You asked me whether I think the 5aA or P could be misidentified? If you can play a mental game for a moment and adopt the perspective that the only way things are identified are by elution time (minimally) and mass spectra (ideally), I think you can see that, technically speaking (i.e., by standard separation science), they aren't identified at all. What you have done in your example is arrived at the identification by logical deduction. While your logic is excellent, logic is not science. Because of the gravity of this case on a person’s life, I have to have the identification be done by standard separation science, particularly because it's capable of doing so in an incontrovertible way, if it's done carefully and correctly.

You asked me once whether I thought the science told us whether Floyd doped, and I replied that I really couldn't tell with any surety. This is why. While I can't prove he didn't dope, this science isn't good enough, in my view, to prove that he did. When I combine this with a) generally crummy chromatography, b) poor lab practices (e.g. white-out), c) the fact that the blank urine was “positive” (for me, indicating some possible machine bias) and d) the fact that I was influenced by Amory’s testimony, I still have enough doubt that the excellence of your logic doesn't push me over the hump.
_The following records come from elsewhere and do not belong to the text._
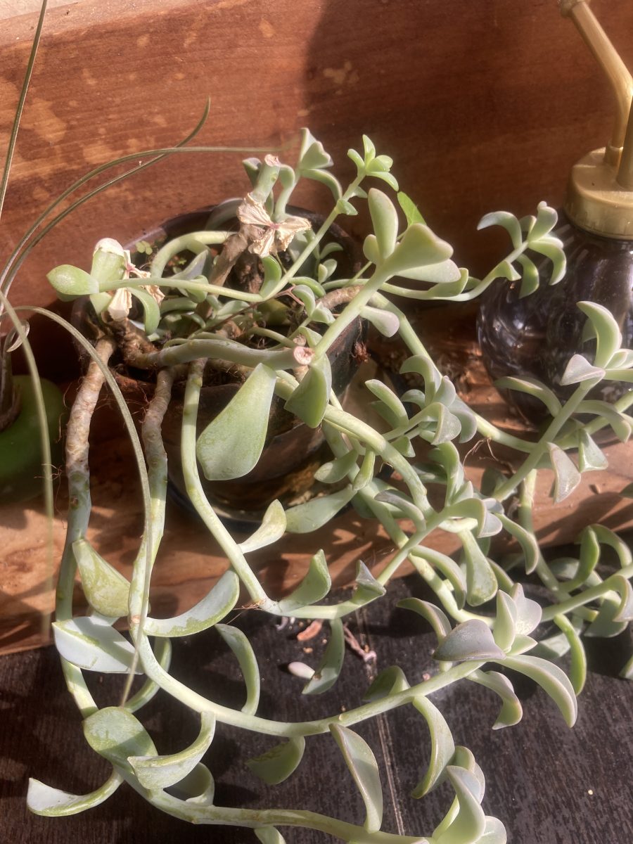 庭先に放り出されて誰も見向きもしなくなっていた「ルビーネックレス」は、無理やり戸外で越冬していたため、鉢の中でほとんど虫の息でしたが、土を替えてスタジオに連れ帰り、チランジアの隣に置いてみたところ、みるみるうちに元気を取り戻し、気をてらった盛り付けのチャーシューメンみたいに、今では鉢から大きく飛び出すほどにまで。なんて生命力なのでしょう。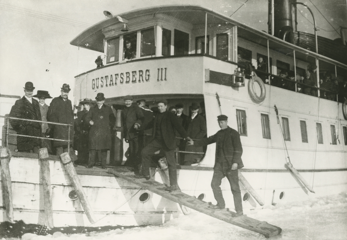 Besättning och passagerare på Gustavsberg III. Troligen kapten Westerberg i styrhytten.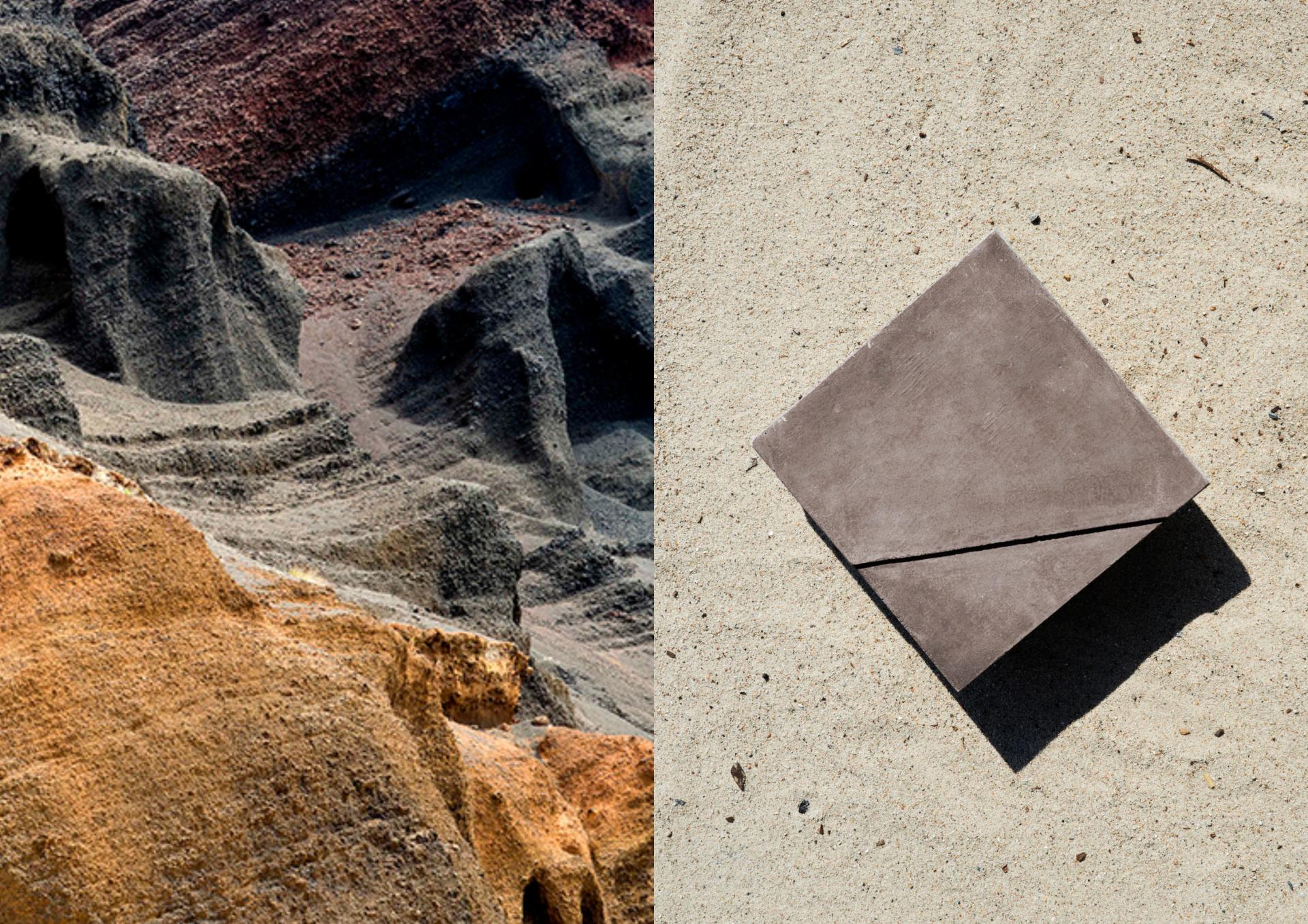 In particular we combined geometrically reduced reliefs and the use of natural colours, inspired from the landscape where the majesty and mystics of nature, the power and the strong presence of the volcanoes as well as the all over proximity to earth and soils are the all over protagonists.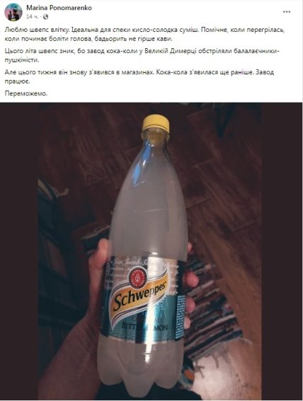 "Цього літа швепс зник, бо завод кока-коли у Великій Димерці обстріляли балалаєчники-пушкіністи. Але цього тижня він знову з’явився в магазинах. Кока-кола з’явилася ще раніше. Завод працює. Переможемо", — йдеться у публікації.

M, I don't have time to engage in a huge running debate (it takes me a long time to write these things!). I feel that I've never effectively been able to communicate to you why I feel so strongly (and why I think it’s important technically) that all of the metabolites needed to be in the cal-mix (probably one at a time). Hopefully, I got a little closer this time.

Cheers

Larry said...

D-Bob, great post! Thank you.

TBV, can you copy this so that it also shows under the 5bA anchor discussion?